(Exercise prompt):
Your response should consist of the entire listing, transcribed exactly, with every image left out.

(Given material):
────────────────
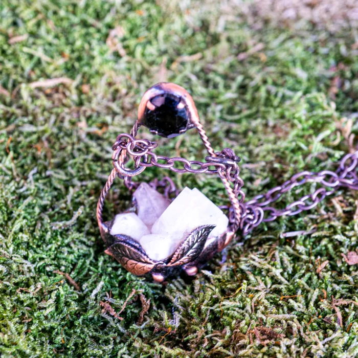 Product: Copper Work Crystal Quartz And Onyx Necklace
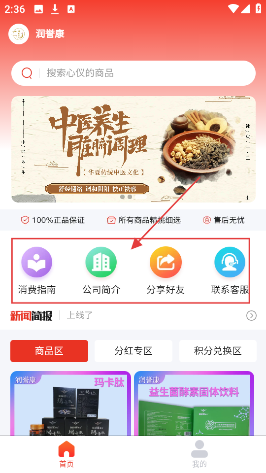 1、进入润誉康首页,有【消费指南】【公司简介】等功能入口,可先看消费指南,了解购物规则再选商品。
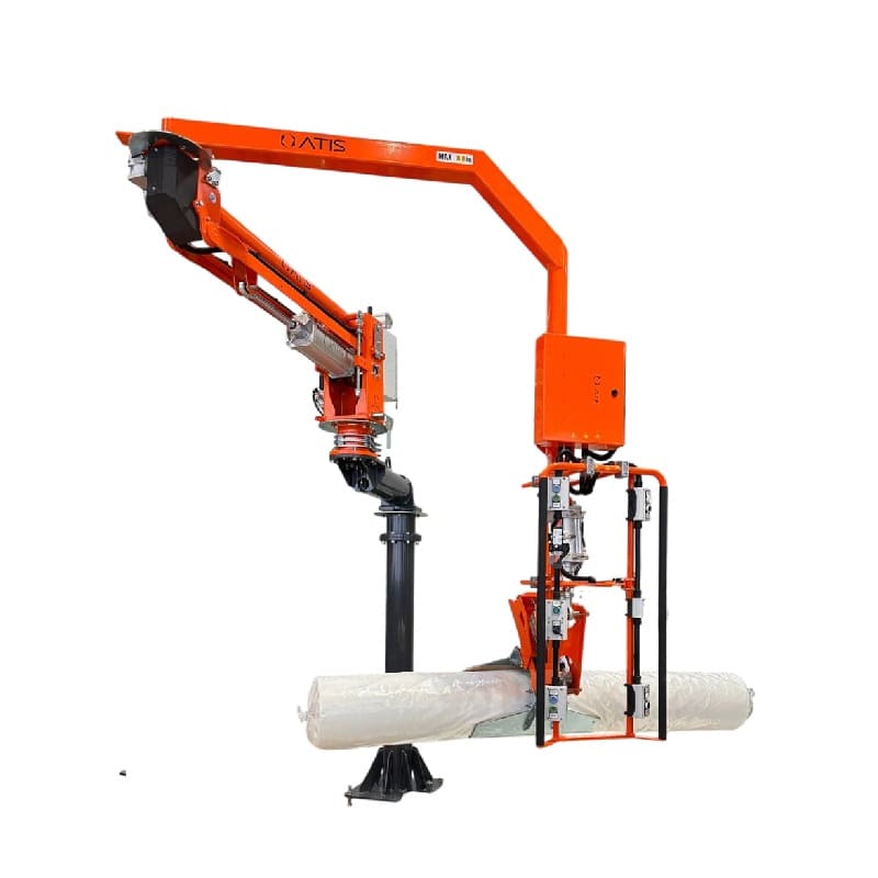 Ce bras manipulateur équilibré à pince est spécialement pour la manutention et le positionnement de rouleaux textiles sur une palette industrielle ou une machine.
────────────────
(Answer for the task):
 Product: Copper Work Crystal Quartz And Onyx Necklace
 1、进入润誉康首页,有【消费指南】【公司简介】等功能入口,可先看消费指南,了解购物规则再选商品。
 Ce bras manipulateur équilibré à pince est spécialement pour la manutention et le positionnement de rouleaux textiles sur une palette industrielle ou une machine.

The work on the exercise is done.